Anderson ways/ Sportsman Rd, is good for flounder and reds. Just hit it b/f the water gets to cold.


----------



## Tail Chaser (May 24, 2004)

I used to fish the state park a lot in college. Used to pick up some nice flounder in that channel running out of Pirates Cove on your right (east).


----------



## Slim Shad-E (Sep 28, 2004)

Sweet, thanks. I love fishing Pirates so maybe I'll head out over there. 
Where is Anderson ways?


----------



## Gutter (May 21, 2004)

*Try SeaWolf Park...it shouldn't be too crowded.*

Get there late, there's plenty of parking.

Just kidding of course.

There is always a crazy crowd out there, but you can fill up the back of a pickup truck with flatties on the right tide.


----------



## "Spanish Fly" (Jun 14, 2004)

no a good question to ask before the tournament


----------



## fishinguy (Aug 5, 2004)

The place where I have caught more flounder than anywhere else is in Galveston was in the water.


SLP area is good. Under the bridge.


----------



## Slim Shad-E (Sep 28, 2004)

LOL 
Really? I usually catch flatties in the air.

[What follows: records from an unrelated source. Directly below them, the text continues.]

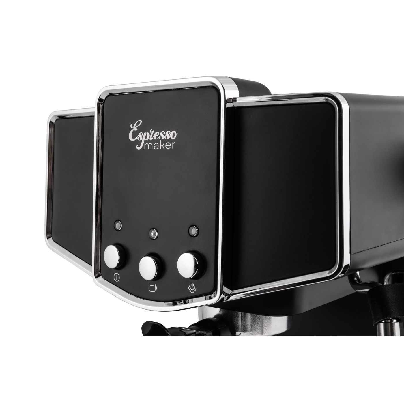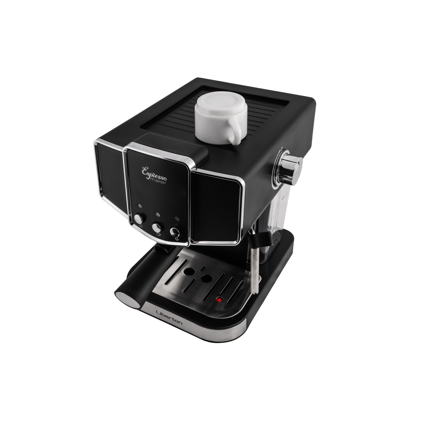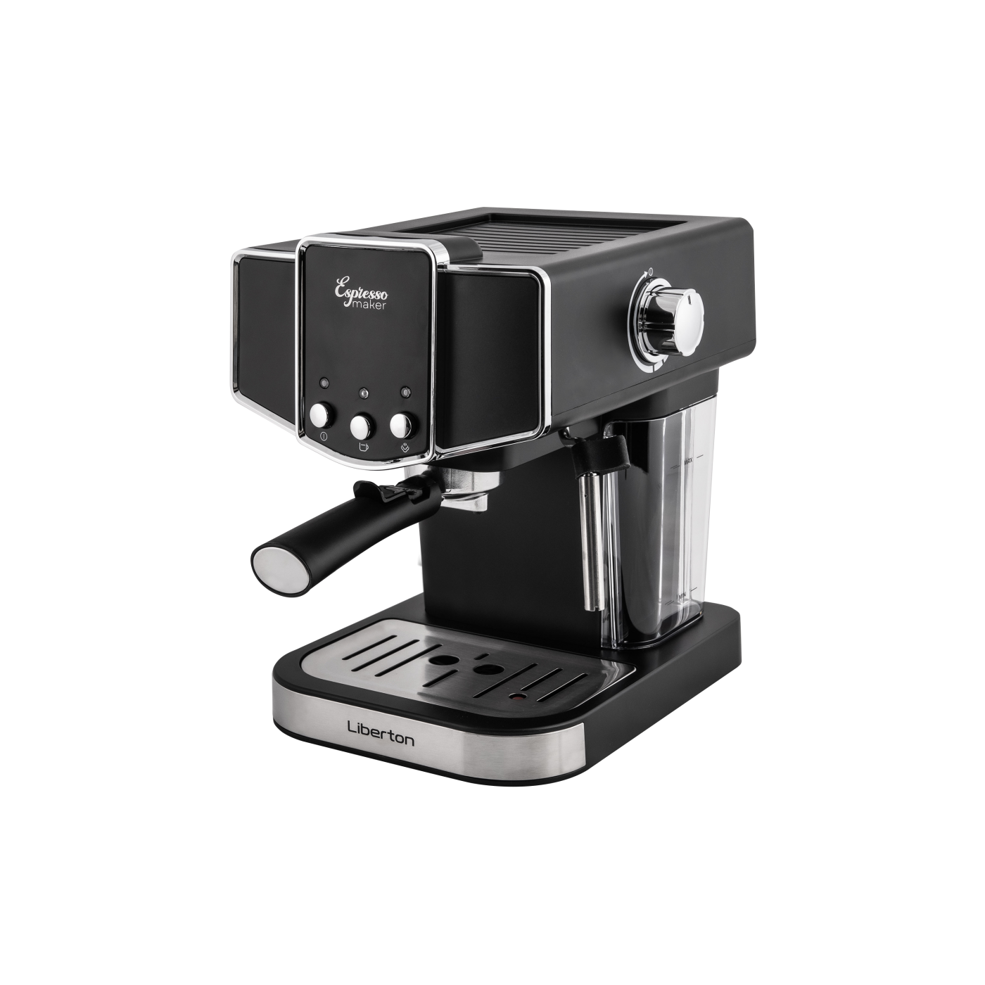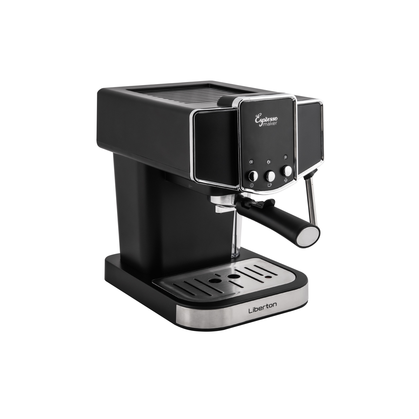 Coffee maker type: horn (espresso); Type: semi-automatic; Power: 950 W; Pressure: 15 bar; Control type: mechanical; Water tank capacity: 1.2 l; Coffee type: ground; Features: pannarello nozzle, manual cappuccino maker, adjustable steam, hot water, simultaneous preparation of two cups of coffee, removable drip tray, coffee pot heating, overheating protection, overpressure protection, power-on indicator, water level indicator, measuring spoon-tamper; Body material: plastic + stainless steel; Product size: 23,1х29,3х27,6 cm; Color: black + silver.
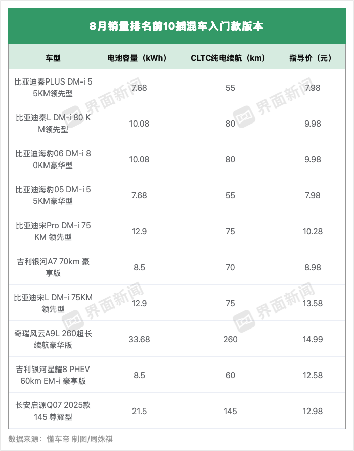 新政对10万元级插混市场冲击显著。比亚迪、吉利、长安等企业的多款入门车型纯电续航不足100公里,这些产品是品牌摊薄成本、支撑销量的核心。
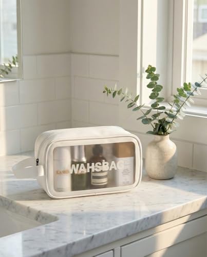 OGBK - OGBK WASHBAG Multifunctional Toiletry Bag for Hanging Transparent - Hand Luggage Cosmetic Bag - Waterproof PVC Travel Wash Bags Makeup Bags for Family Women Men (White, Medium)
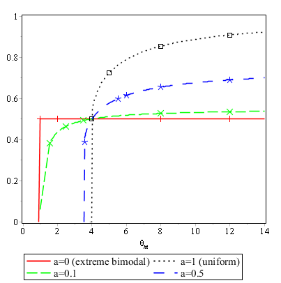 p1 := plot(piecewise(`and`(theta[m] > .9, theta[m] < 1), 5*theta[m]-4.5, theta[m] > 1, x(0)), theta[m] = .9 .. 14, color = red, legend = "a=0 (extreme bimodal)"):
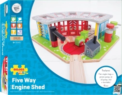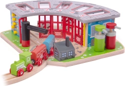 Дървеното депо е предназначено за пет различни влакчета и включва функционален въртящ се кръг, който позволява лесно придвижване на влаковете между отделните гаражи. Системата включва отварящи се врати и зарядна станция, което допринася за реалистично изживяване при игра.
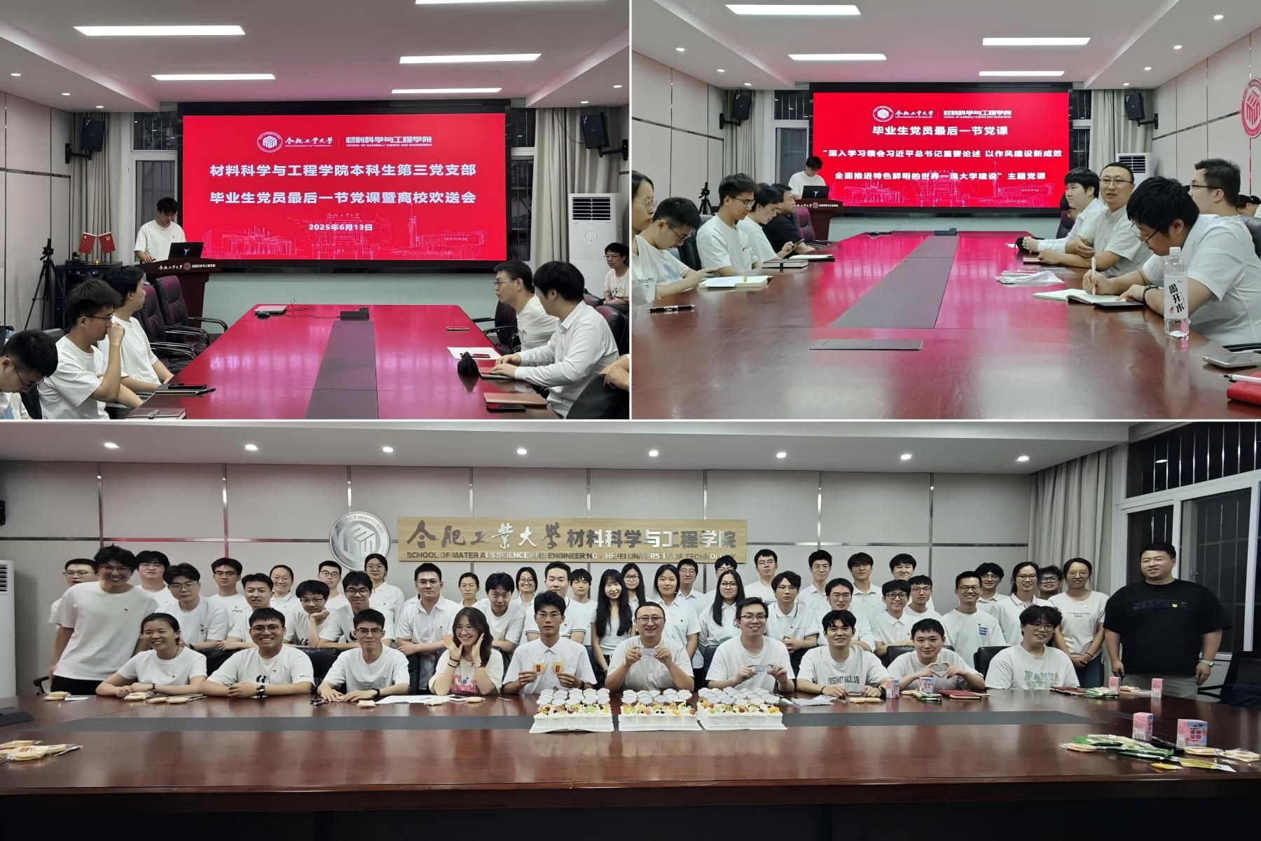 本科生第三党支部于屯溪路校区材料楼综合服务中心210会议室举办学院2025届毕业生党员最后一节党课暨离校欢送会。支部全体党员共50余人参与活动。
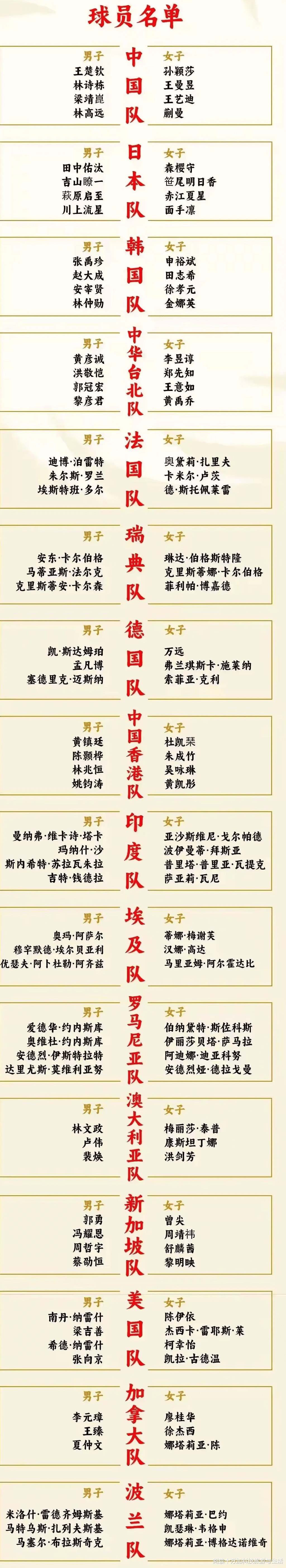 国乒名单:

Sorry, didn't know there was a tourney coming up.


----------



## gunnut (Aug 3, 2004)

Anderson Ways Directions:

45s

exit 61st

right on 61st

right on Stewart Road (like you're going to Moody Gardens)

Stay on Stewart RD for several miles

Right on 8 mile road (first road to the right after the Welders Hood, and Hammer Mail boxes)

Left on Sportsman Rd dead ends into the water


----------



## Stealthy Fisher (Nov 5, 2004)

If SeaWolf park is too crouded try on the left side of the bridge as soon as you get on Pelican Island. It has a good sand bottom and there might be some good Flounder Stadging or resting in that area. It is close to deep water, there should be an incoming tide in the morning. I will be out in that area in my boat looking for some flounder after I try for some Spec's and Red's in the morning. Good luck


----------



## Slim Shad-E (Sep 28, 2004)

Sweeet, thanks all!


----------



## Da Rook (Oct 19, 2004)

stealthy fisher, i know what spot you're talking about and i've seen a few waders around there, but how da heck you get your car over there? make a left turn at the light right in front of the bridge? I heard the water there might be somewhat polluted?


----------



## Slim Shad-E (Sep 28, 2004)

Seawolf was packed. I think there were 20 ppl fishing a pocket about 20 yds in diameter near the pier. Needless to say it sucked. Went on the channel side and caught a few keeper flounders. Still, it was disappointing especially with the perfect weather


----------



## galbayfisher (May 28, 2004)

you must have been the one I saw catch THE two flounder. Rest of us were sucking major wind.


----------



## Slim Shad-E (Sep 28, 2004)

LOL 
I was the one fishing with the teenage mutant ninja turtle (the short guy with tight green waders). 
Yep it sucked out there!


----------



## lemon (Jun 22, 2004)

Slim Shad-E said:


> LOL
> I was the one fishing with the teenage mutant ninja turtle (the short guy with tight green waders).
> Yep it sucked out there!


hahah....fishing for flatties and females huh?? lol


----------



## Slim Shad-E (Sep 28, 2004)

lemon said:


> hahah....fishing for flatties and females huh?? lol


LOL HAHHAAHAHA
Of course!! That's why we stop by Heartbreakers and the Ocean Cabaret prior to hitting Seawolf!


----------